▶ Material provided
##########

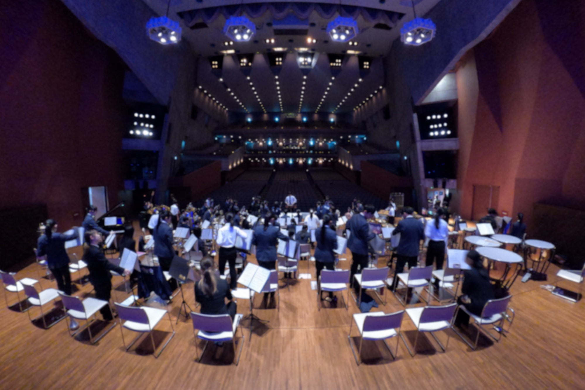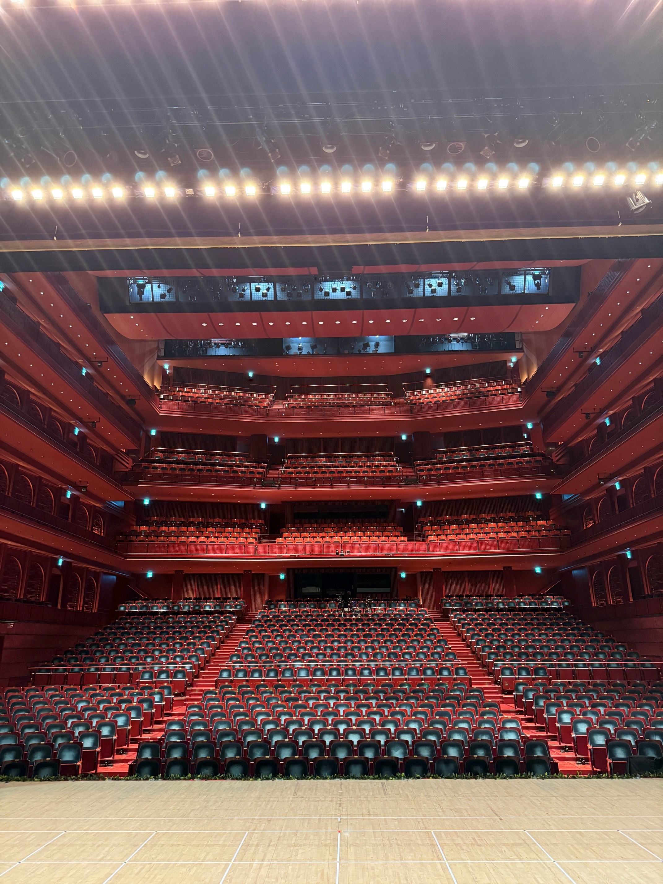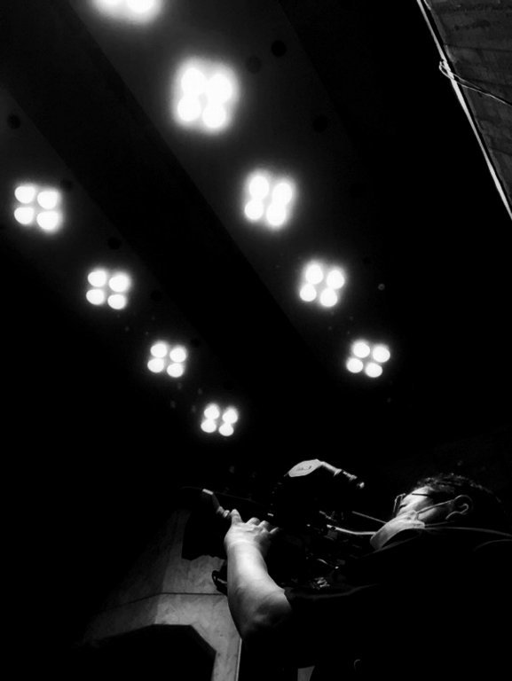 県外へも コンサート、ダンス、イベント等、出張撮影しております。写真はリハ風景ですが、リハならではのステージ上でバックからのショット。お気に入りの会場で広さや美しさ、ステージから見たライティングが特に綺麗です。
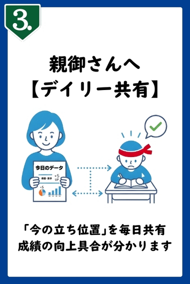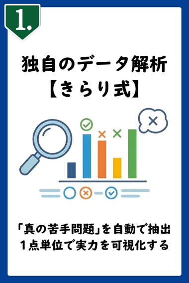 根拠のない「頑張れ」は不要です。過去問と最新の受験データから、合格に必要な点数まであと何点かを1点単位で可視化。高校受験からその先の大学受験まで通用する「戦略的思考」を育みます。
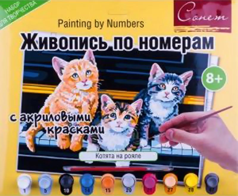 1 грунтованный картон с разметкой для рисунка, 10 акриловых красок, кисточка

##########

The result is an exact copy of the lines from the one holding "根拠のない「頑張れ」は不要で" through the final line of the data above, both ends included, minus the pictures.

▶ Task solution
 根拠のない「頑張れ」は不要です。過去問と最新の受験データから、合格に必要な点数まであと何点かを1点単位で可視化。高校受験からその先の大学受験まで通用する「戦略的思考」を育みます。
 1 грунтованный картон с разметкой для рисунка, 10 акриловых красок, кисточка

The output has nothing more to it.